Итак, я прошу вас изложить свои истории о сортирах, памятуя о том, что мы рассматриваем это явление в социокультурном, а если не кривить душой – то и в историческом аспекте, и потому попрошу воздержаться от ненужных деталей излишнего натурализма, подробно излагая интересующую нас всех суть!

Слова просит член клуба Энди R.B. Председатель удовлетворяет просьбу и требует объявить название рассказа. Слово предоставляется Энди R.B.

РАССКАЗ О ТОМ, КАК МОЛОДОЙ ЗАМПОЛИТ РОТЫ СТ. Л-Т ПЕВЧЕНКО ЕДВА НЕ ПОГУБИЛ СВОЮ КАРЬЕРУ ПО ПРИЧИНЕ СВОЕЙ НЕУЕМНОЙ ЩЕДРОСТИ.

История эта произошла на моих глазах в 1987 году. Это время было зарей второй русской демократии. Рассказ мой кажется мне историчным в какой-то степени – надеюсь, вы не примете мои слова за преувеличение.

Начну я просто, но со вкусом, в традициях нашей литературы. Итак,

...в нашем полку развлечения были редки. Жизнь русского солдата известна и непритязательна. А командир наш, рожден был он хватом или нет, но о чистоте казарм заботился рьяно, и в один прекрасный, по его собственному мнению, день, приказал закрыть курилки и запретил курение в летнее время на всей территории части, кроме полкового сортира.

Примерно в то же время прибыл к нам для прохождения службы молодой замполит, старший лейтенант Певченко, и был определен в третью роту второго батальона, то есть к нам.

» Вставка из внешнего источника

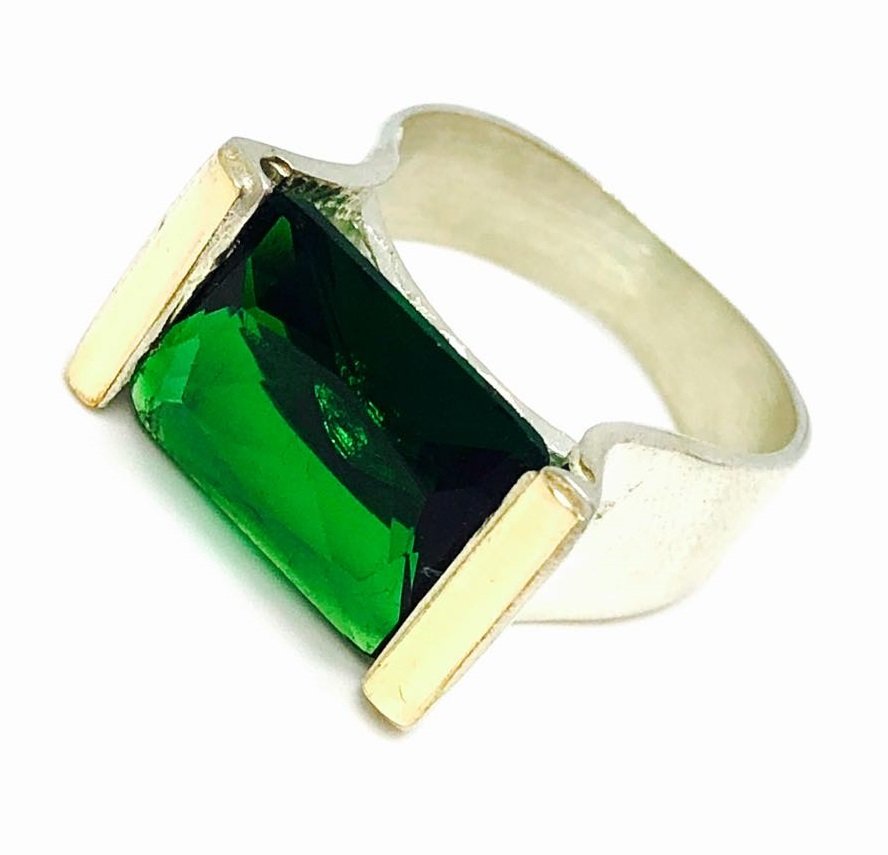 Anillo Importante esmeralda de Plata y Oro

Телевизора мы не смотрели – разве что в обязательном порядке, "Служу Советскому Союзу!" по воскресеньям, а эта передача не менялась никогда до своего конца. Новости в газетах выглядели более чем удивительно. Свежий человек, воочию видевший перемены в большом городе, был занятной диковиной. Тем более – замполит. Человек, призванный олицетворять.

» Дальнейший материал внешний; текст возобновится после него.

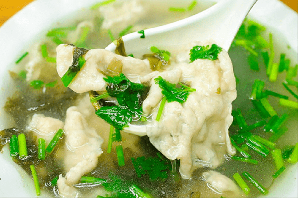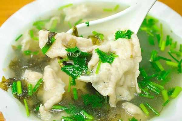 4.放入紫菜稍微烫一下即可出锅,连汤带肉 一起冲入刚刚调好的汤盆里面,美味即成。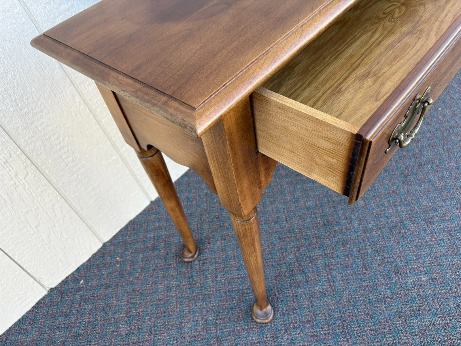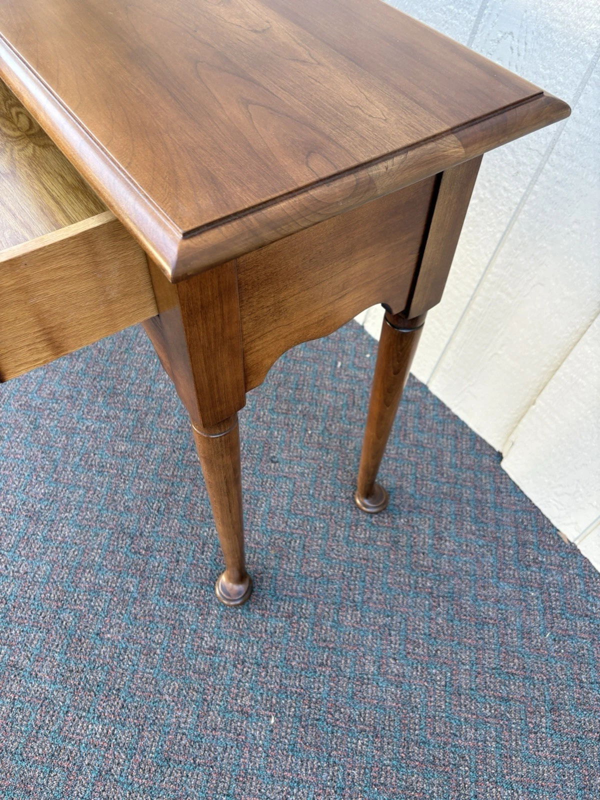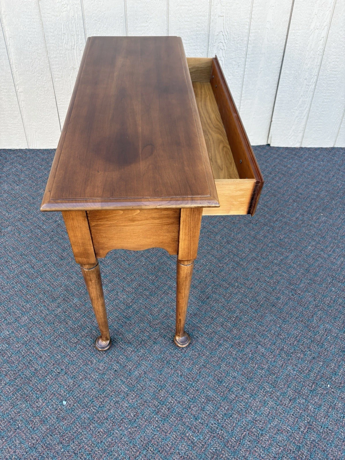 This charming Statton solid cherry console table embodies the timeless elegance of Queen Anne style, making it a versatile addition to any room in your home. Crafted with meticulous attention to detail, its rich cherry wood finish showcases the natural grain, while a single drawer offers both functionality and a touch of vintage allure. This sturdy piece, dating back to the 1980s, reflects the quality craftsmanship that Statton is known for, ensuring it will be a cherished staple in your home for years to come.

Старший лейтенант Певченко олицетворял. И олицетворял он происходящее отчасти в силу того, что перемены эти там, откуда он прибыл, носили более ощутимый характер, отчасти потому, что хотел того сам. Как и всякий неглупый человек, находящийся на руководящей должности, он стремился в разумных пределах сократить дистанцию между собой и своими подчиненными, но по молодости и из-за отсутствия опыта частенько терял ощущение разумности этих пределов. Однако, понимая значение своевременного сбора точной информации о психологическом климате во вверенном ему коллективе, он верно выбрал ряд приоритетных направлений, последовал в одном из них – и пришел в солдатский полковой сортир.

Там к нему приставали с лукавыми расспросами, безбожно расстреливали у бедняги половину сигарет, но он мудро счел это необходимостью, и с готовностью пошел на эту жертву. Щедрость-то едва его и не погубила.

Как уже подчеркивал Председатель в своем докладе, соединение в одном помещении двух важнейших элементов быта привело к появлению культурного феномена, значение которого невозможно приуменьшить.

В специфических условиях армейской жизни сортир превратился в центр умственной деятельности, культуры, а так же связи – как локального масштаба, так и с окружающим миром.

Только здесь мог солдат, воспользовавшись относительным покоем, прочесть несколько страниц из книги или газетную статью. Тут же читались и письма из дома. Вы умилились бы, увидев длинный ряд сидящих орлами солдатиков, с ремнями на коленях, держащих перед собою листки из свежевскрытых конвертов, и со светлыми лицами внимающих строчкам, написанным их любимыми мамами, сестренками и невестами.

Но не все письма приносят радость. И великая мудрость военного уклада жизни, как вы сейчас поймете, спасает от стрессов защитников отечества.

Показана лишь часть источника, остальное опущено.